Once you find the line with "El Revolution está", transcribe it and all the lines that follow to the end of the data, exactly as written; skip any pictures.

[MATERIAL PROVIDED — start]

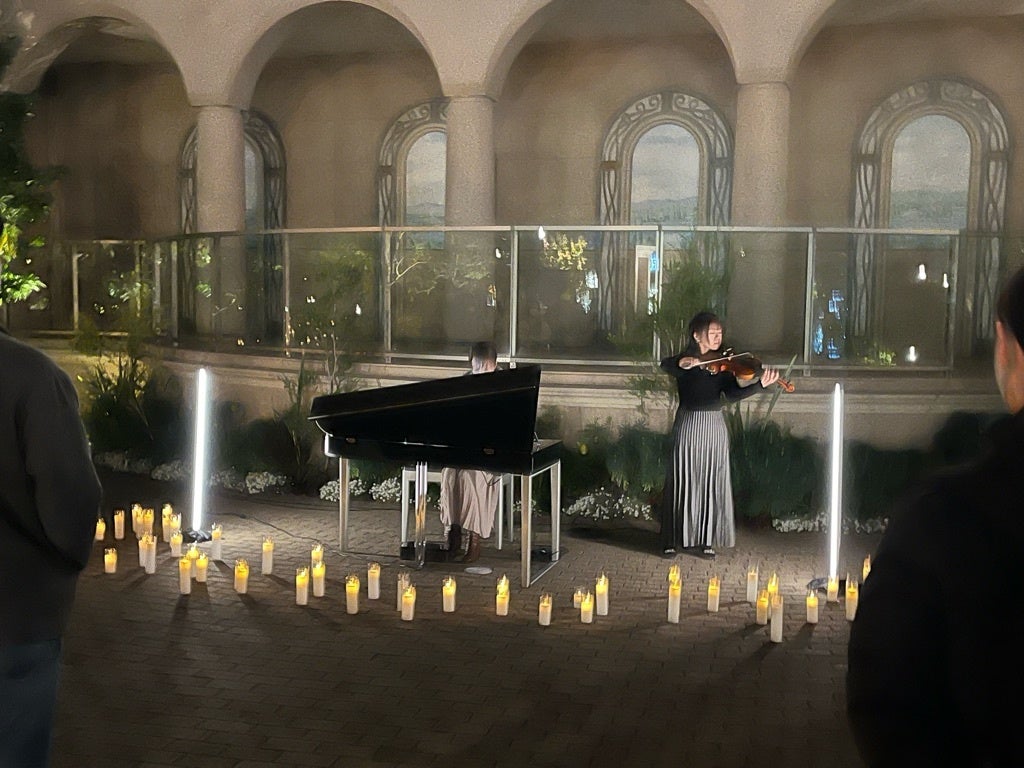 みなとみらいを象徴する観覧車を背景にした記念撮影スポット設置し、さらにLEDキャンドルの光に包まれる幻想的なキャンドルナイトを開催しました。イベントには200名以上の来場者が訪れ、チャペル内でくつろぎながら、非日常的な空間でロマンティックな時間をお過ごしいただきました。さらに、横浜が日本のジャズ発祥の地とされていることにちなみ、施設内で初のジャズコンサートを開催しました。聴き馴染みのある定番曲から季節感あふれる楽曲まで、来場者の心に響く生演奏が披露されました。
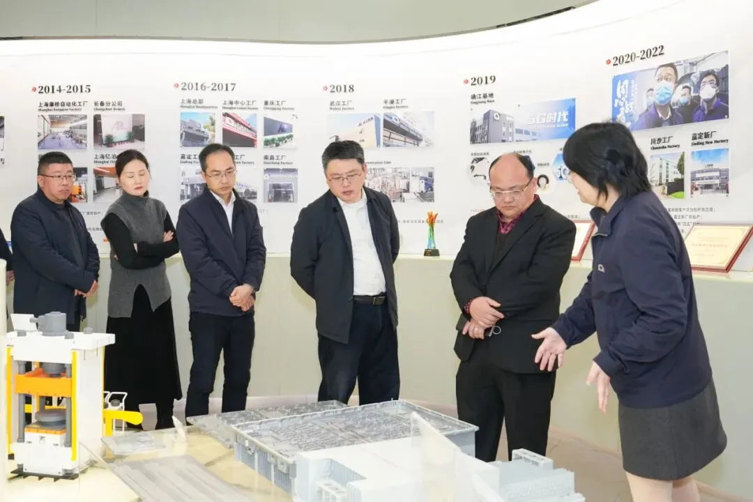 在周杰文秘书长、上海精智外联经理王建萍的陪同和讲解下,杨燊区长一行首先参观了上海精智展厅,详细了解了企业的创业发展历程、核心业务板块以及前沿技术成果,以及上海精智“工业AI+智能制造”的发展脉络和创新实力。
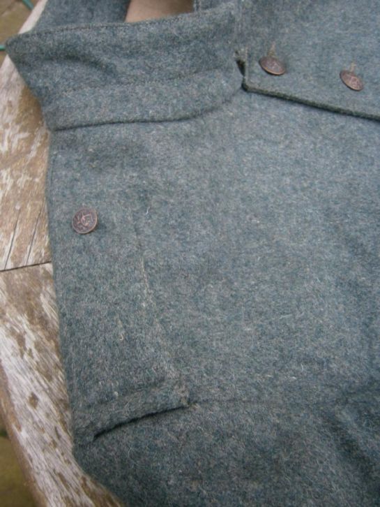 De kleur van de stof ziet er inderdaad anders uit. Buiten dat vind ik het al snel opmerkelijk als zo'n manschap uniform in zulke mooie nieuw staat is, nergens geen één plekje slijtage, mot of versleten wol. Het kan natuurlijk, maar je wordt er al snel alerter van.
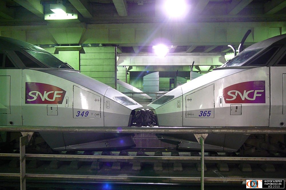 | Сцепка из поездов TGV №№ 349 и 365 на вокзале Монпарнас, Париж, Франция Автор: Алекс | Фото сделано 3.X.2009, опубликовано 19.XII.2010.
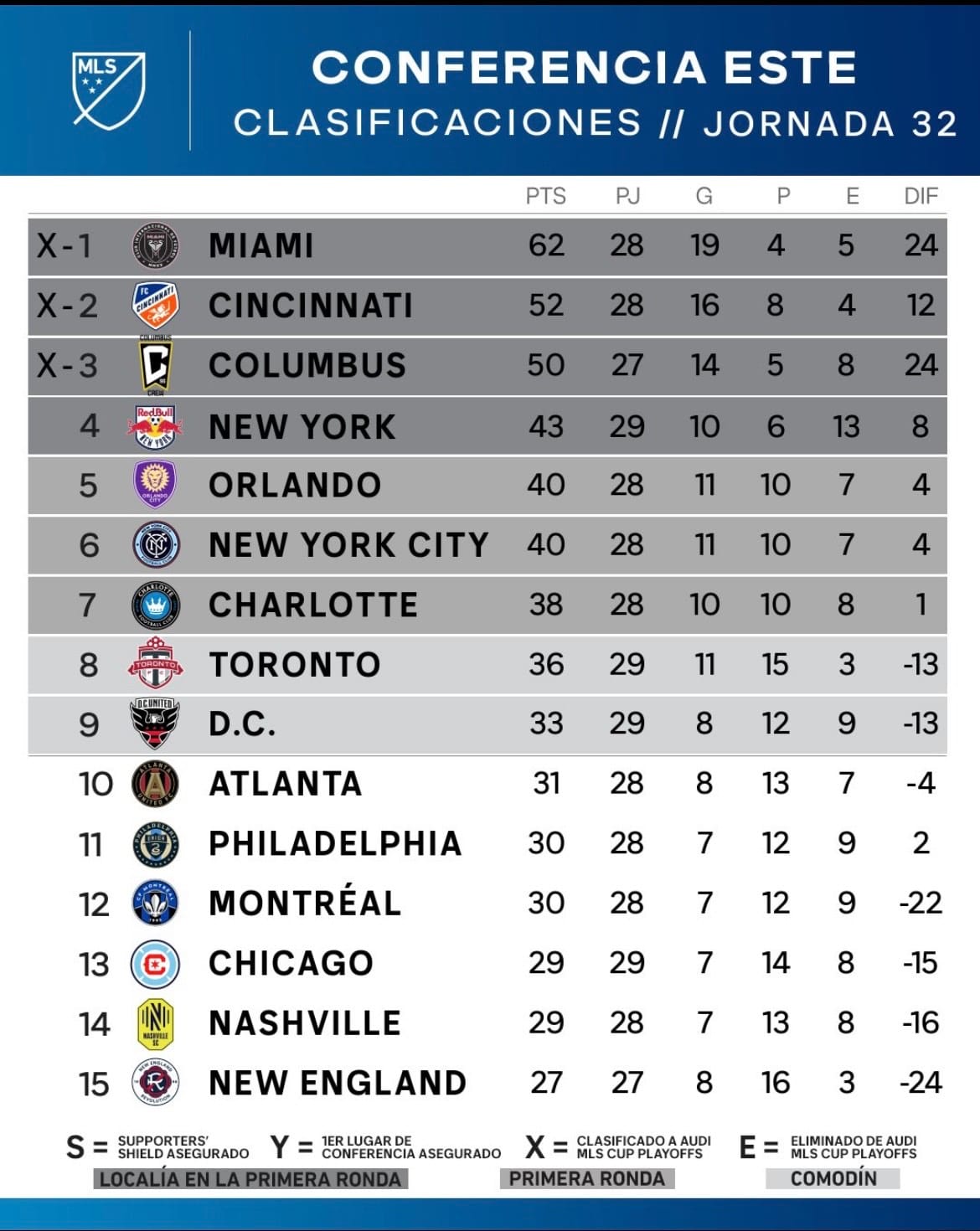 El Revolution está a 7 puntos del noveno lugar (DC United, 33 puntos, puesto de repechaje), y a once puntos del séptimo lugar (Charlotte, 38 puntos, puesto de clasificación directa a playoffs).
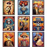 Adduster Day of The Dead Poster - 9 Piece Day of the Dead Decorations Sugar Skull Wall Art Sugar Skull Art Print for Mexico Day Day of the Dead Halloween Wall Decor Living Room Decor

[MATERIAL PROVIDED — finish]

* **EXERCISE OUTPUT**
 El Revolution está a 7 puntos del noveno lugar (DC United, 33 puntos, puesto de repechaje), y a once puntos del séptimo lugar (Charlotte, 38 puntos, puesto de clasificación directa a playoffs).
 Adduster Day of The Dead Poster - 9 Piece Day of the Dead Decorations Sugar Skull Wall Art Sugar Skull Art Print for Mexico Day Day of the Dead Halloween Wall Decor Living Room Decor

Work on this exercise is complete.